Tentata estorsione: chiesti 15 mesi 

Il processo all’ex manager Itas. Il pm ha chiesto la condanna dell’ex direttore generale della Mutua Ermanno Grassi anche per la calunnia contro Alessandra Gnesetti e il falso relativo ad una multa stradale per eccesso di velocità. Per la donna la richiesta è di una pena di 15 giorni



Trento. Un anno, tre mesi e 15 giorni. Questa la richiesta di condanna avanzata dal pubblico ministero Carmine Russo per Ermanno Grassi, l’ex direttore generale dell’Itas a processo per tentata estorsione (nei confronti dell’ex presidente di Itas, De Benedetto), falso (per una multa stradale) e calunnia (nei confronti di Gnesetti). 15 giorni la richiesta di condanna per Alessandra Gnesetti imputata per il falso e parte civile per il filone della calunnia.

In origine il processo riguardava anche una serie di presunte truffe contro Itas stessa. E la società inizialmente si era costituita parte civile con una richiesta di risarcimento pari a due milioni di euro che avrebbero dovuto coprire sia i danni patrimoniali che quelli di immagine. Ma il colpo di scesa della fine del luglio scorso, ha cambiato le carte in tavola. Itas, infatti aveva comunicato di aver raggiunto un accordo economico con Grassi, in virtù del quale aveva ritirato la sua querela. E senza querela sono cadute anche le cinque ipotesi di truffa. Togliendo un capitolo sostanzioso dal processo ed eliminando tutti gli imputati che erano accusati di esser stati parti delle presunte truffe. Fuori quindi dal procedimento Roberto Giuliani, titolare della ditta Target che riforniva di gadget l’Itas, Gabriele Trevisan, titolare della Point car, l’azienda di autonoleggio, l’ex dirigente Itas Paolo Gatti. Cadute le accuse di truffa anche, naturalmente per lo stesso Grassi e per Gnesetti. Che però sono rimasti imputati per gli altri capi d’accusa e con posizioni diverse, in un caso anche contrapposte.
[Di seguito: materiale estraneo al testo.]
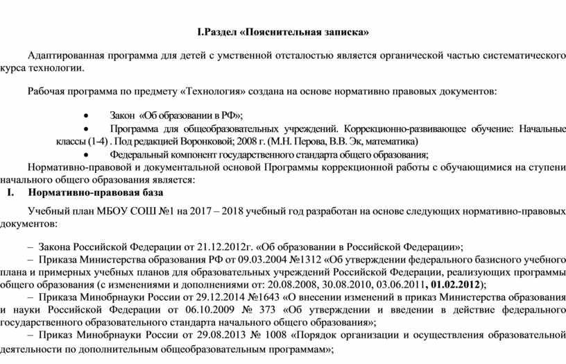 Адаптированная программа для детей с умственной отсталостью является органической частью систематического курса технологии.
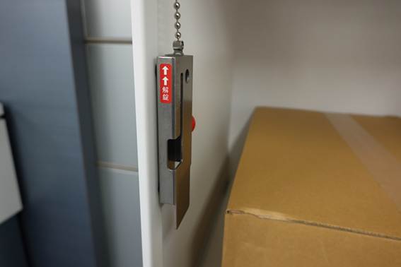 竹内様:非常脱出用のレバーです。万が一、小学生のお子さまがかくれんぼなどで宅配ボックスに入ってしまってもレバーを操作すると出られるように設計しています。大きな宅配ボックスは、閉じ込め防止機能が必要です。

Il pm nella sua requisitoria ha sostenuto tutte le accuse mosse, partendo da quella più pesante che è il tentativo di estorsione. Ricordiamo che su questo punto era stato sentito come testimone anche il presunto estorto ossia l’ex presidente di Itas Giovanni Di Benedetto. Che in aula, rispondendo alle domande aveva spiegato di non aver subito nessun tentativo di estorsione. Parole che però non hanno cambiato l’impianto accusatorio. Secondo il pubblico ministero, infatti, Grassi si era mosso assieme ad un investigatore privato per cercare “la prova”. Una “prova” che sarebbe dovuta servire per mettere fine ad clima teso all’interno di Itas e - sostiene l’accusa - per garantire il posto da direttore generale di Grassi che in quel periodo (siamo nel marzo 2016) si sentiva in bilico. Una “prova” che sarebbe stata raccolta ma poi - sarebbe emerso dall’indagine portata avanti dai carabinieri del Ros - non sarebbe stata utilizzata per decisione dello stesso Grassi. «Non scendiamo a questi livelli» sarebbe stata la frase utilizzata da Grassi stessi, come ha spiegato il pm ieri in aula. Un tentativo incompiuto di estorsione che secondo l’accusa sarebbe parificabile al tentativo compiuto. La requisitoria si è conclusa quindi le richieste di condanna: un anno e tre mesi per Grassi per la calunnia e la tentata estorsione e 15 giorni per il falso. Stessa pena, limitatamente al falso, è stata chiesta anche per Alessandra Gnesetti, presente ieri in aula come ha fatto in tutte le udienze precedenti.

Ha poi preso la parola l’avvocato Beniamo Migliucci, difensore di Alessandra Gnesetti che ha chiesto l’assoluzione per il falso. Legato ad una multa per eccesso di velocità che sarebbe stata intestata alla donna quando - sostiene l’accusa - alla guida di quella macchina ci sarebbe stato Grassi. Sulla calunnia, per la quale Gnesetti è parte civile e che nasce da delle fattura per i servizi di assistenza in favore della madre di Grassi che sarebbero state pagate da Itas, Migliucci ha evidenziato come l’attendibilità di Gnesetti sia comprovata e che Grassi, quando l’ha denunciata, sapeva che la donna stava dicendo la verità.

Il processo è stato quindi rinviato per l’arringa di Matteo Uslenghi, difensore di Ermanno Grassi. Che ieri in aula ha solo abbozzato la linea difensiva tesa a dimostrare come il suo cliente non ha fatto nulla di cui è stato poi accusato.